Boys are also wired to move and have more trouble paying attention, which can spell punishment if teachers don’t understand boys’ temperaments (girls benefit from movement, too). Called out on disruptive behavior too often, a boy may decide school isn’t for him. Dakota Hoyt, veteran educator and executive director of the Gurian Institute, an organization that trains educators on how boys and girls learn differently, says in her trainings with teachers she recommends incorporating movement when kids get fidgety, such as jumping like bunnies during a bunny story, or offering antsy kids a “fidget ball.” Changing things up won’t interrupt teaching, she says, but it can eliminate potential discipline problems.

The Engagement Gap

Even if they’re doing generally fine, boys may check out if they don’t find schoolwork relevant, and then fall behind on schoolwork and earn lower grades. Boys’ learning needs are different from girls’. They do better learning for a purpose through challenges and goals, which is why they like video games so much, says Edmond Dixon, educator, researcher, and author of Helping Boys Learn: 6 Secrets for Success in School.

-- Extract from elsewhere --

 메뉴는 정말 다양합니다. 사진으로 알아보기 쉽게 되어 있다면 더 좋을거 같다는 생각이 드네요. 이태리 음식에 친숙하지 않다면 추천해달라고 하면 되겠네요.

In an international student assessment study, boys around the globe reported enjoying reading and writing far less than girls, leaving educators to wonder how to help boys develop a passion for literacy. King says 81 percent of the reading “achievement” gap between genders could be closed by addressing the “engagement” gap. Allow boys reading materials that appeal to them—comics, graphic novels, nonfiction—and consider letting them write on subjects that include some aggression themes. She and Dixon recommend incorporating competition such as beating the clock, at home or in the classroom. Collaboration has replaced competition over the last 30 years, but competition builds great emotional capacity and confidence in both genders, King says, teaching kids to cope with disappointment, as well as how to win and take risks.

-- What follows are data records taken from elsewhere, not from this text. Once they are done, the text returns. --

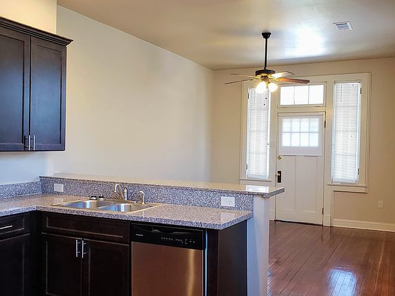 Unit has open living room/kitchen floor plan- ideal for entertaining- with beautiful refinished original hardwood floors, full bath, large independent bedrooms, granite countertops, solid wood cabinets, and stainless steel appliances (including dishwasher). Central A/C and Heat. Wood floors throughout, lots of storage/closet space. Rear bedroom has large walk-in closet. Central AC/Heat. Ceiling fans in each bedroom. Large front porch and rear deck, exterior security lighting. Off-street parking for one vehicle.
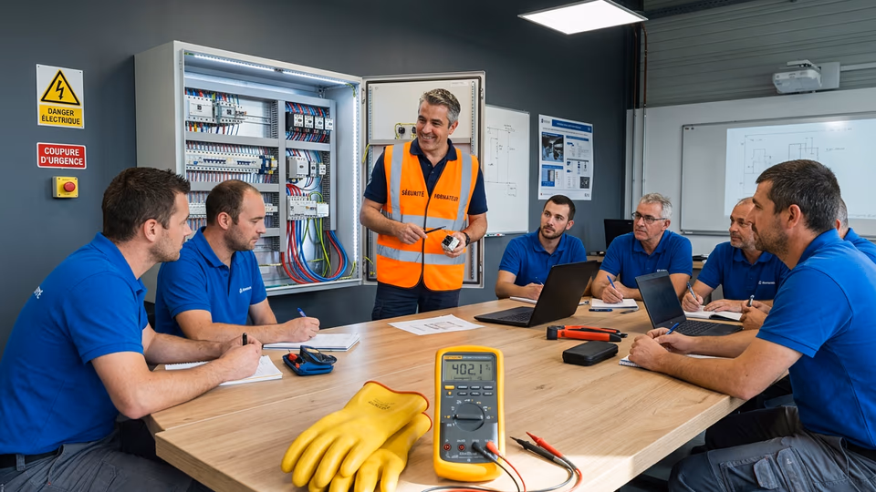 La formation de formateur en habilitation électrique H0B0 BS BP B1 B2 BR prépare les professionnels de l'électrotechnique à concevoir, animer et certifier des formations habilitantes conformément à la norme NFC 18-510. En 5 jours, les participants acquièrent les compétences pédagogiques et réglementaires pour former des électriciens et non-électriciens dans les secteurs du bâtiment, de l'industrie et du tertiaire.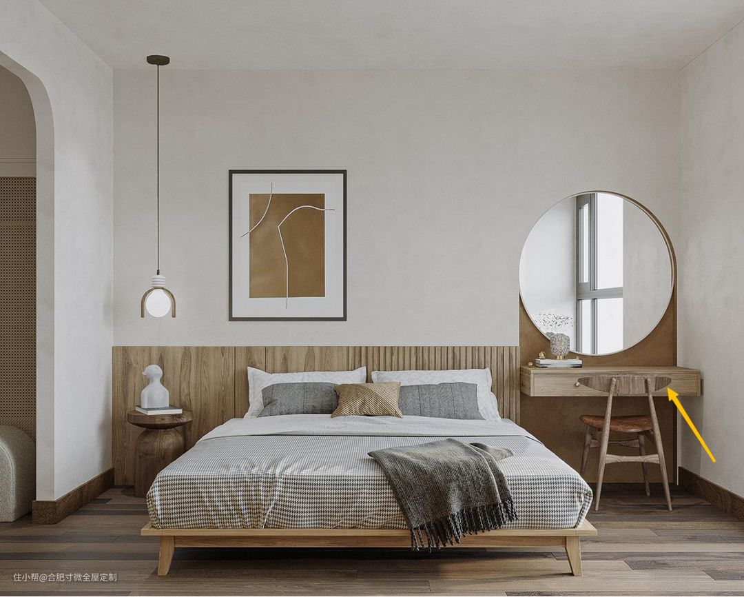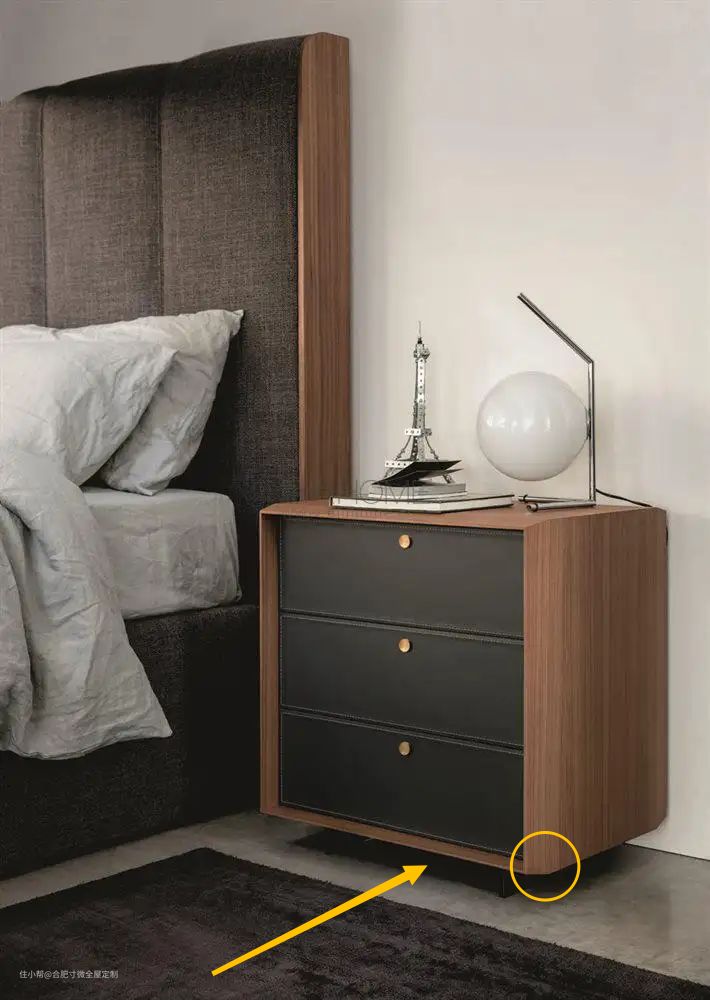 传统卧室,都是床两边放两个床头柜,真住进去了才发现根本就不实用,不仅下方容易积灰难打扫,还经常磕到脚。

Dixon also attributes boys’ disengagement to the information age. At no other time in history have children had access to information as they do with today’s tablets and smartphones. “Think about how you do learning now and how much the world has changed, but how the inside of a classroom hasn’t changed that much,” he says. “Kids are used to being self-starters in other areas.”

He sees a pronounced lack of interest in 5th to 8th grade before dropping out begins, and views this as a critical time regarding school engagement and learning. Dixon isn’t suggesting schools reinvent themselves. Instead, he has defined six pathways into learning—movement, game, humor, challenge, mastery, and meaning—so parents can determine their son’s style and help him apply it to school (take a quiz at www.helpingboyslearn.com).

Liven Up Learning

Tapping into boys’ learning styles is key to boosting motivation and confidence. Create challenges and games with humor and action thrown in, and learning should come more easily. Try these strategies to build on his strengths.

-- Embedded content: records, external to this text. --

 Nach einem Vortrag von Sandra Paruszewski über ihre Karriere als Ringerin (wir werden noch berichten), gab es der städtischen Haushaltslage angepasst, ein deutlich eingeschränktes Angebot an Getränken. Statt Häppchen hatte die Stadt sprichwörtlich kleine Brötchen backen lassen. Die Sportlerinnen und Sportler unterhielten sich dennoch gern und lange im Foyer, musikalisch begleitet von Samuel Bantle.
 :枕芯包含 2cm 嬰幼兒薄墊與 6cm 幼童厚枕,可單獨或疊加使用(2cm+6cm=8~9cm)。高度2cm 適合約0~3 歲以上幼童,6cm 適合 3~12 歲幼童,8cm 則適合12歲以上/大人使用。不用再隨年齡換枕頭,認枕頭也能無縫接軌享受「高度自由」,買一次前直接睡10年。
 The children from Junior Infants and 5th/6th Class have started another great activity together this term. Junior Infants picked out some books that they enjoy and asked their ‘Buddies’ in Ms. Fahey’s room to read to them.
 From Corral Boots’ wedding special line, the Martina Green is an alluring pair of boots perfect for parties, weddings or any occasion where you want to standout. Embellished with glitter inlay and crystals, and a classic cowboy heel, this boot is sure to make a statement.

  • Toss and talk, Dixon says. When your son successfully defines a vocabulary term, toss him a soft ball that he tosses back after correctly spelling the word.
  • Beat the clock. Have him predict how long writing out answers will take, and then set the timer so he “gamifies” his homework (little jolts of testosterone from competition give him positive associations with schoolwork).
  • Go for a walk to study for a test. Movement increases blood flow to the brain, improving mental processing.
  • Let him stand during homework (or lie on the floor) and skip sitting.
  • Encourage passions in print (skateboarding or gaming magazines, graphic novels, nonfiction).
  • Give him responsibilities at home to develop mastery and confidence.
  • Have him write for his dad or another male (boys want to impress other boys).
  • Find outside pursuits that appeal to him.

Most important, don’t be discouraged by statistics. Learn what works, be positive—and don’t compare your son to his sister.